**ASSIGNMENT:**
Skip the pictures. Output only the lines below starting at the line with "杉板桥商业发力,居住价值跃升" and ending at the line with "Giving this classic", both ends included, exactly as they are.

-----

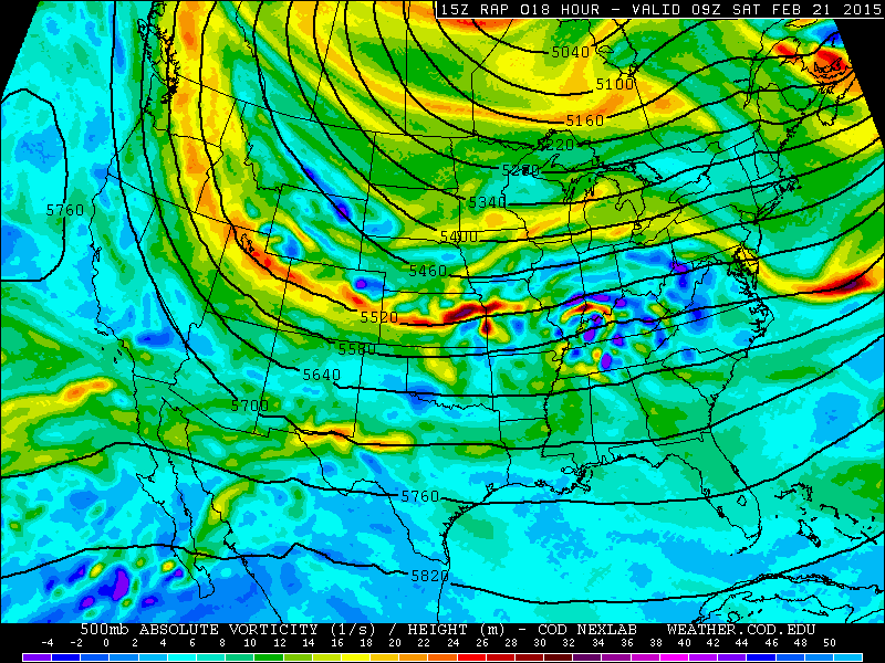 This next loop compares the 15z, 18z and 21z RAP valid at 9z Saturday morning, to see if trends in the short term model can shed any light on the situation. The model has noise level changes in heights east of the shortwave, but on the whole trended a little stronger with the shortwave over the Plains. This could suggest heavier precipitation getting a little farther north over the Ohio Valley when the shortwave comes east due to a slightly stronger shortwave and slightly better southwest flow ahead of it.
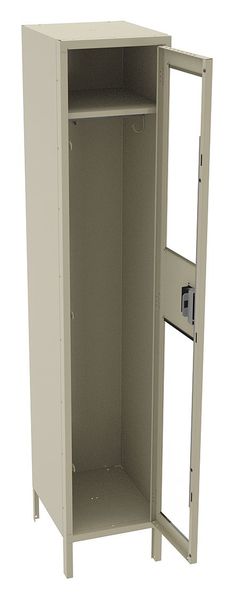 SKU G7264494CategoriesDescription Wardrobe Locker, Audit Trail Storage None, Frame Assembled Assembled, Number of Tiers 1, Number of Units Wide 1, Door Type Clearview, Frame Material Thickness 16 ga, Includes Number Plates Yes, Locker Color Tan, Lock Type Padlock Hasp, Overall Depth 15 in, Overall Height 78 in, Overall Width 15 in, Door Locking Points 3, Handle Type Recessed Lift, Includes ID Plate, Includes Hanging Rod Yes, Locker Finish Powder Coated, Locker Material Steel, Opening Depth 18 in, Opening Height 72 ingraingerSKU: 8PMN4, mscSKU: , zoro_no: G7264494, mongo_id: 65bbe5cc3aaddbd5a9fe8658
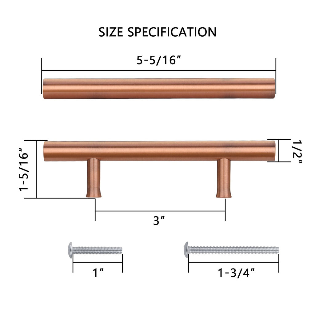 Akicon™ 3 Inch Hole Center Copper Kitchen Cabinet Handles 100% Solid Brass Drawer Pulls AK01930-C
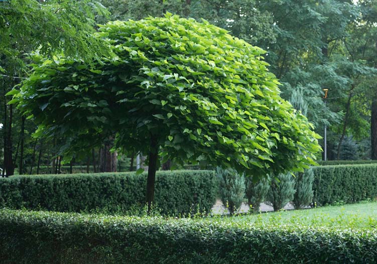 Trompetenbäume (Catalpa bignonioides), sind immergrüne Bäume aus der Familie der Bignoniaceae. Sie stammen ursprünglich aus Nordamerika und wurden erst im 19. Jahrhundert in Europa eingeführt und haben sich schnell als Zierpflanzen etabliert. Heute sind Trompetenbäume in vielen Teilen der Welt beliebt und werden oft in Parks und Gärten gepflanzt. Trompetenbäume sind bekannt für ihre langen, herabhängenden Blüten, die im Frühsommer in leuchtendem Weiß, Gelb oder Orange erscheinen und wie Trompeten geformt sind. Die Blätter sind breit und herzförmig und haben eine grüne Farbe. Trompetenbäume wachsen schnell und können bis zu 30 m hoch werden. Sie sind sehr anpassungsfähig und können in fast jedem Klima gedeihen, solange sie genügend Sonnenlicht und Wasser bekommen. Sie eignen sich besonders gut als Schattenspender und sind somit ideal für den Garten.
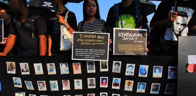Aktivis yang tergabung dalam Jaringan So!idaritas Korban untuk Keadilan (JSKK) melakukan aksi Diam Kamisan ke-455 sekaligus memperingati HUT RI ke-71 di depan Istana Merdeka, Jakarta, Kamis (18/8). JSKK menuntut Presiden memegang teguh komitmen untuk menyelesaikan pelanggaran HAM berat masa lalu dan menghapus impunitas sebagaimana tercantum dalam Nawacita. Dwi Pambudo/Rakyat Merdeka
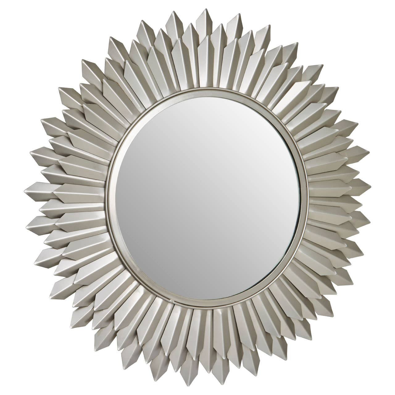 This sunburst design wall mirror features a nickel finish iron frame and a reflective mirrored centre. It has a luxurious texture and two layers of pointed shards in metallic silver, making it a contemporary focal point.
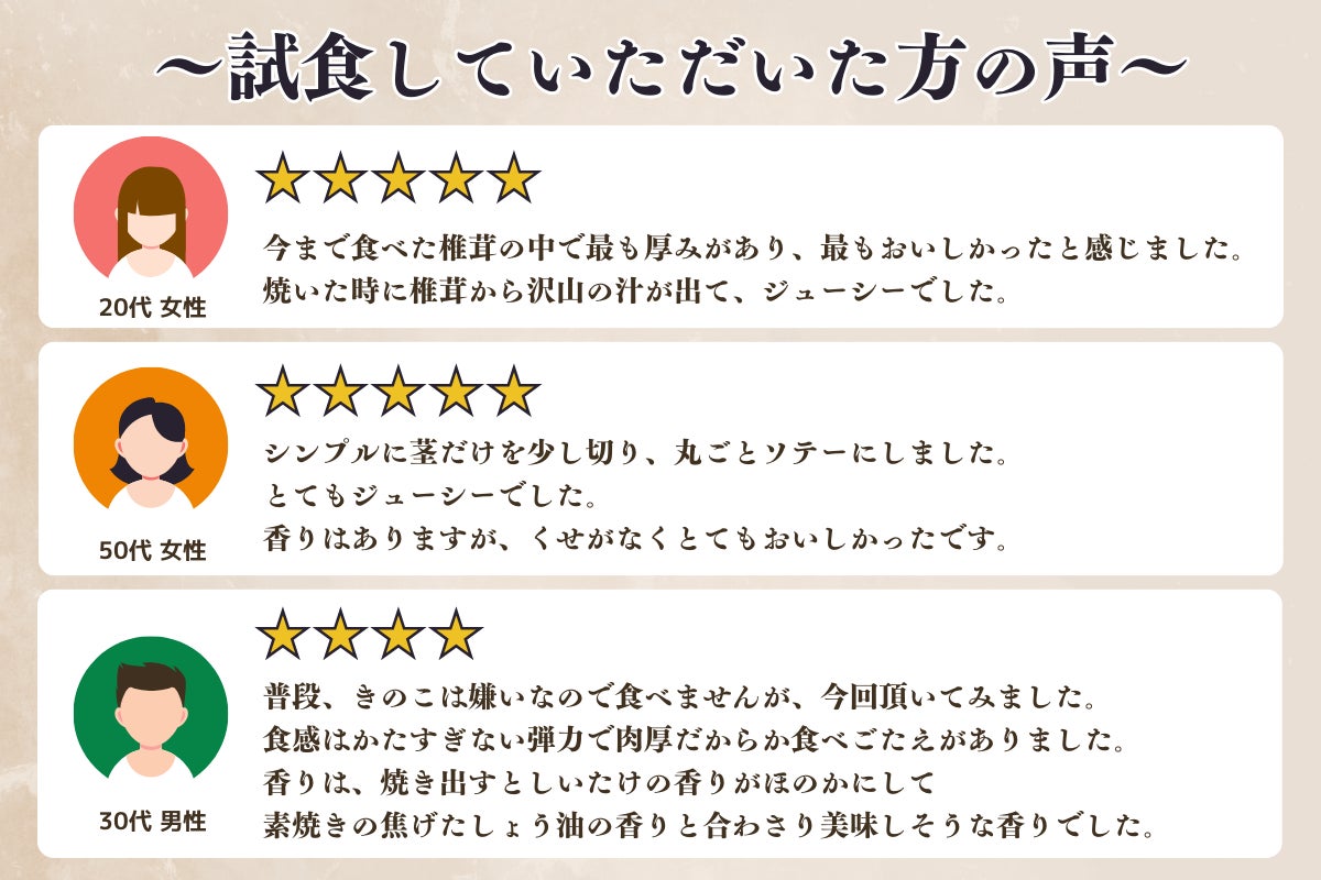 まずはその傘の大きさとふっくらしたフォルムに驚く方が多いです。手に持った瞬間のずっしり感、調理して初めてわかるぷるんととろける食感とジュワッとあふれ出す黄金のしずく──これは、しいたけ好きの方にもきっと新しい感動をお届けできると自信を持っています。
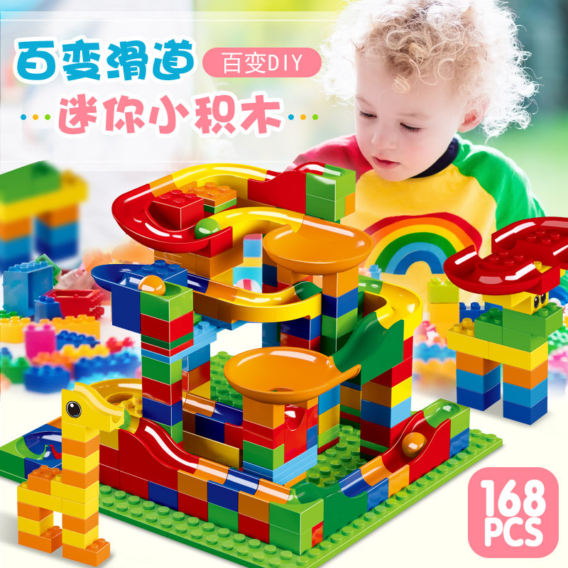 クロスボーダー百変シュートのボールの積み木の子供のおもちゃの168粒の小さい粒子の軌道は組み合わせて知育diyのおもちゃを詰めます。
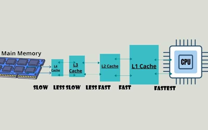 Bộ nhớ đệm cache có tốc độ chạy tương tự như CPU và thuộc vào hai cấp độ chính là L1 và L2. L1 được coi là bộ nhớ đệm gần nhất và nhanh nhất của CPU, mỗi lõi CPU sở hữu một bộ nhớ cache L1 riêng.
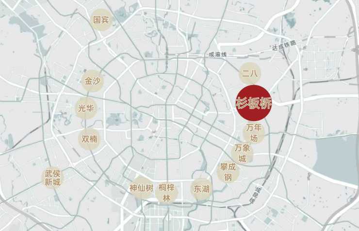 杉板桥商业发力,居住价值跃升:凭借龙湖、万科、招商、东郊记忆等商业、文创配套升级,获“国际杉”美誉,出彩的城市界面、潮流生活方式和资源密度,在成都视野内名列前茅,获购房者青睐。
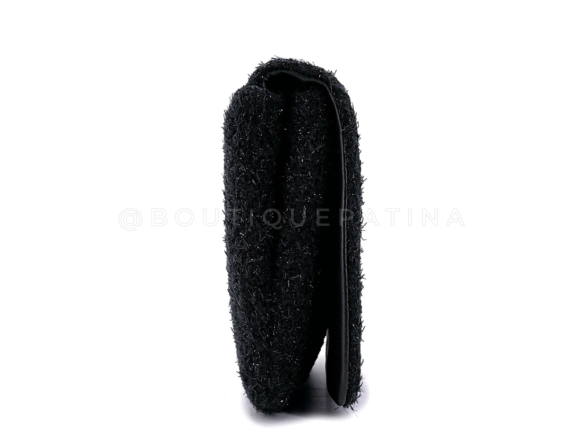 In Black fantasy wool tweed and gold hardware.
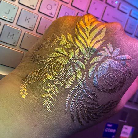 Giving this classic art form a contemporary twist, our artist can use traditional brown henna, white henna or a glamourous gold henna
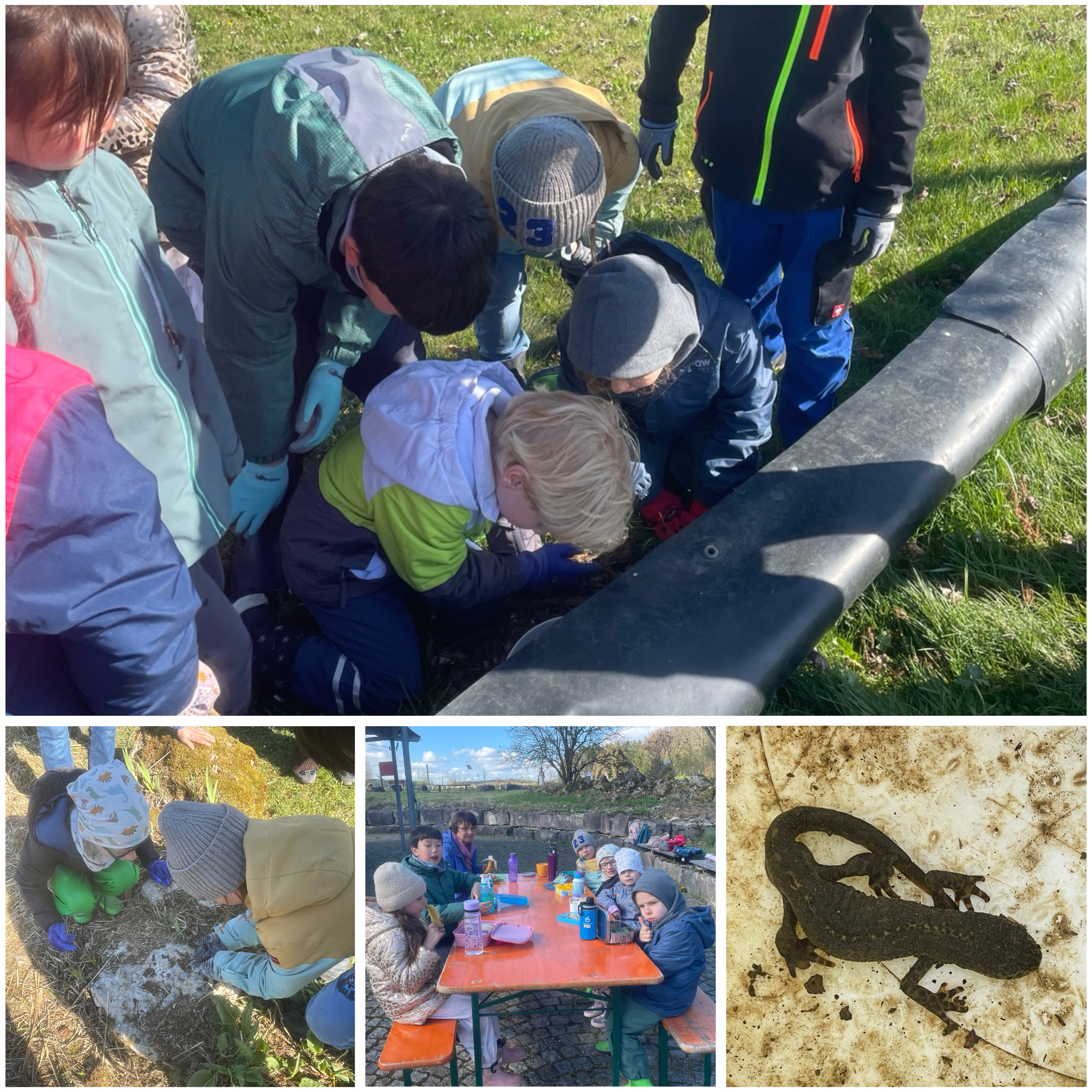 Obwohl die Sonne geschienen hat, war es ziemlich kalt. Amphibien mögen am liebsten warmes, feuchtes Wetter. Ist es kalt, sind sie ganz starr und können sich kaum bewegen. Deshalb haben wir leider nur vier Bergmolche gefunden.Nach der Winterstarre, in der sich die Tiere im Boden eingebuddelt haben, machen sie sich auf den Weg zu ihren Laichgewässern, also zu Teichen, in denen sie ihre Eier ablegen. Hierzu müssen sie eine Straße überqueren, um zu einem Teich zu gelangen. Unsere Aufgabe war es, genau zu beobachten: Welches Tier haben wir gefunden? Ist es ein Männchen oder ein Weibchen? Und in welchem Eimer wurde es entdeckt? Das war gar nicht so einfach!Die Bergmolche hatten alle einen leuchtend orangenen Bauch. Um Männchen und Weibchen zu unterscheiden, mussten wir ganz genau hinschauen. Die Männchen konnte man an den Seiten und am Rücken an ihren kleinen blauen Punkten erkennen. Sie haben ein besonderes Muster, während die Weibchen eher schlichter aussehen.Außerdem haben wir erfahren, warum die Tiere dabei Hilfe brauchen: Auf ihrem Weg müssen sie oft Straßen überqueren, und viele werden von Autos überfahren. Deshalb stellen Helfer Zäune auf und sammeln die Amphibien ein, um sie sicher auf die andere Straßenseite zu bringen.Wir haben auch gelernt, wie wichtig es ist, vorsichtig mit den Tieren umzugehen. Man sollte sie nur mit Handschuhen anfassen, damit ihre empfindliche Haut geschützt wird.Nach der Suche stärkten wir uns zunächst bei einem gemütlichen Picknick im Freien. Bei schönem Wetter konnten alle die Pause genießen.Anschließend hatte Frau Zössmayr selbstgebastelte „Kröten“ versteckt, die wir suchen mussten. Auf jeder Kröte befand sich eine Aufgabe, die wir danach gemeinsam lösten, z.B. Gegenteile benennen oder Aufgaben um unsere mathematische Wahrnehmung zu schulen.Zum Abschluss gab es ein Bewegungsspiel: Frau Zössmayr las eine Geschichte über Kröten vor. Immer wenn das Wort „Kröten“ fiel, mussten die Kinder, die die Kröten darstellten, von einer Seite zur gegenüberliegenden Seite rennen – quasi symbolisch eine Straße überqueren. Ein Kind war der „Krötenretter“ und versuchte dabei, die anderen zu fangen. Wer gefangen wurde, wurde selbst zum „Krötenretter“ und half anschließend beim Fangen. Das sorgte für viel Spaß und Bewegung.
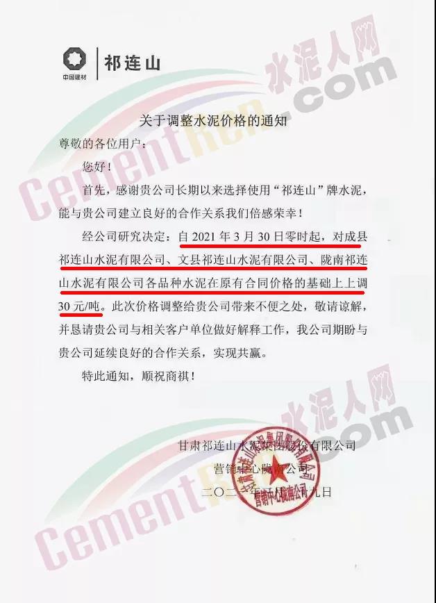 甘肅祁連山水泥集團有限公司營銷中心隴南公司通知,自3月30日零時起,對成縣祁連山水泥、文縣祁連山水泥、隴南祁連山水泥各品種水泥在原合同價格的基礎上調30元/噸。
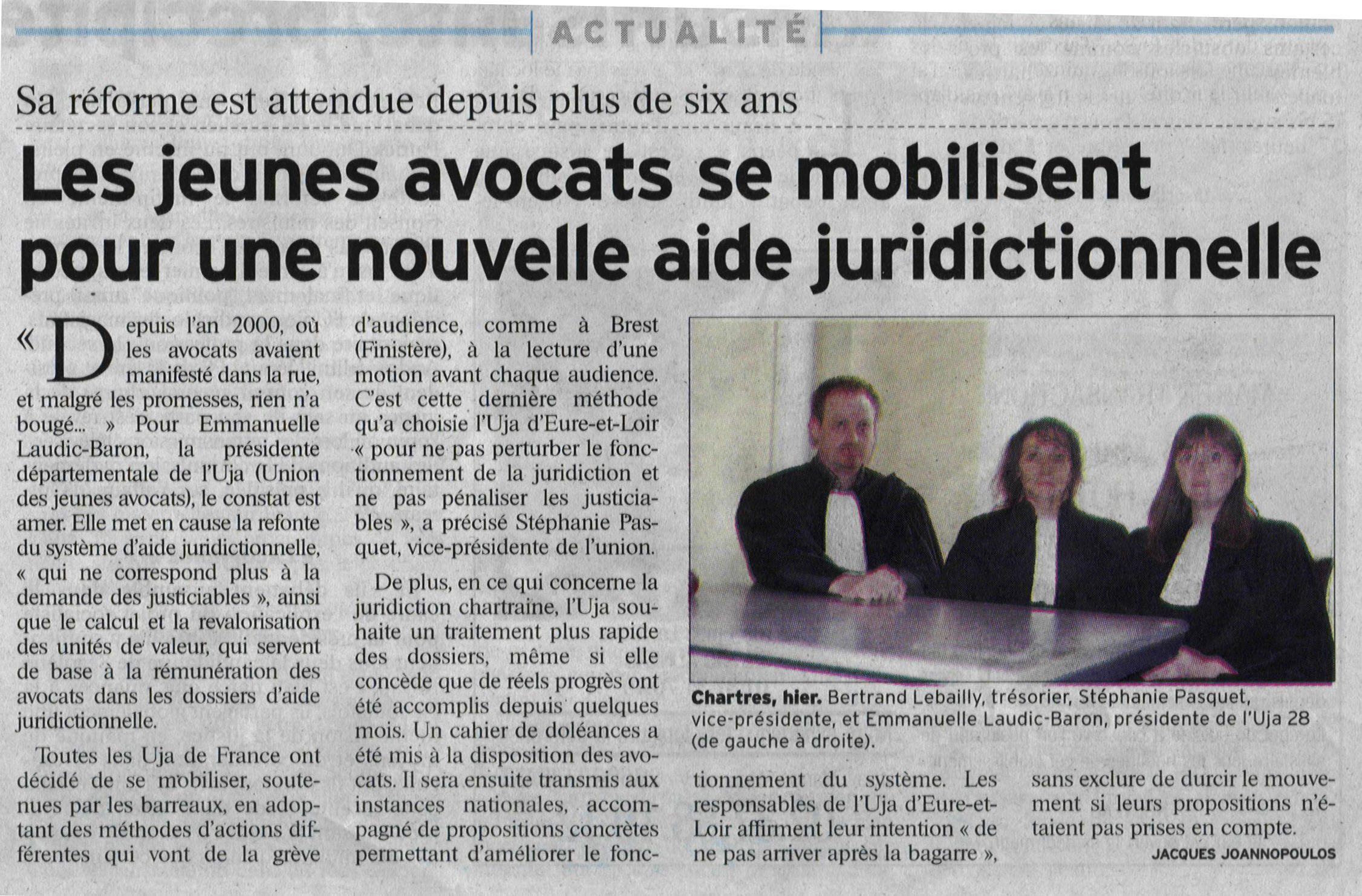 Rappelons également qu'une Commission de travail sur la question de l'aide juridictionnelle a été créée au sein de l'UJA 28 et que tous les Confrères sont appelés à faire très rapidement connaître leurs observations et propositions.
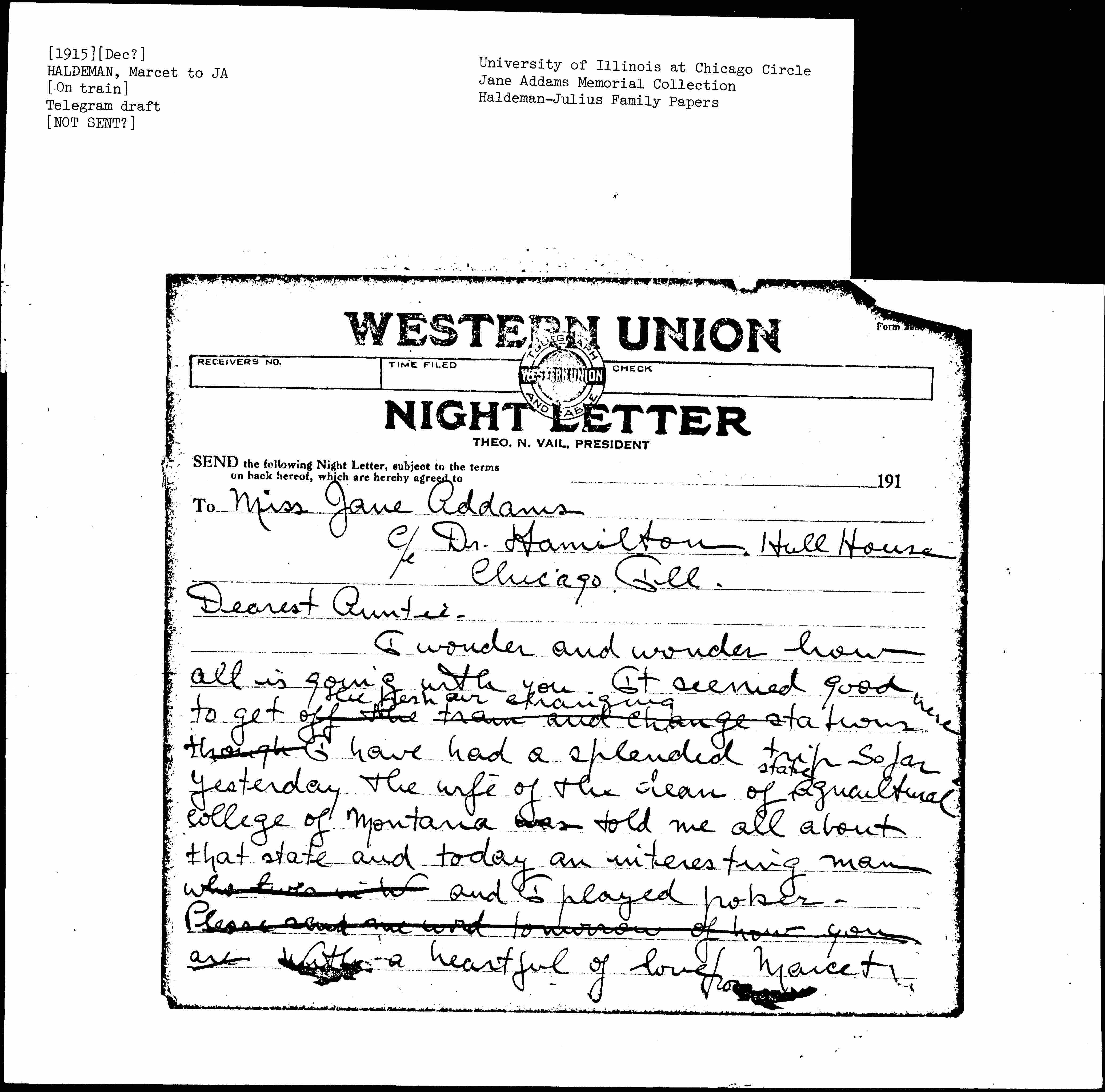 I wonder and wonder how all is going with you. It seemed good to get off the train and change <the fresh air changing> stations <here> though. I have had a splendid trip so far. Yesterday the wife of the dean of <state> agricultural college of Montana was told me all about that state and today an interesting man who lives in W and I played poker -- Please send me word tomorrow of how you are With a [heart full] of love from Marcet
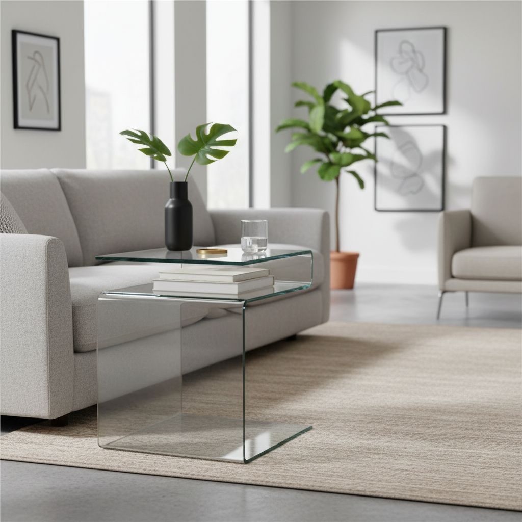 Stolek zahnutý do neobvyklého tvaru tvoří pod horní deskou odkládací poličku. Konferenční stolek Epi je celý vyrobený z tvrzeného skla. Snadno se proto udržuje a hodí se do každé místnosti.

-----

**WRITTEN SOLUTION:**
 杉板桥商业发力,居住价值跃升:凭借龙湖、万科、招商、东郊记忆等商业、文创配套升级,获“国际杉”美誉,出彩的城市界面、潮流生活方式和资源密度,在成都视野内名列前茅,获购房者青睐。
 In Black fantasy wool tweed and gold hardware.
 Giving this classic art form a contemporary twist, our artist can use traditional brown henna, white henna or a glamourous gold henna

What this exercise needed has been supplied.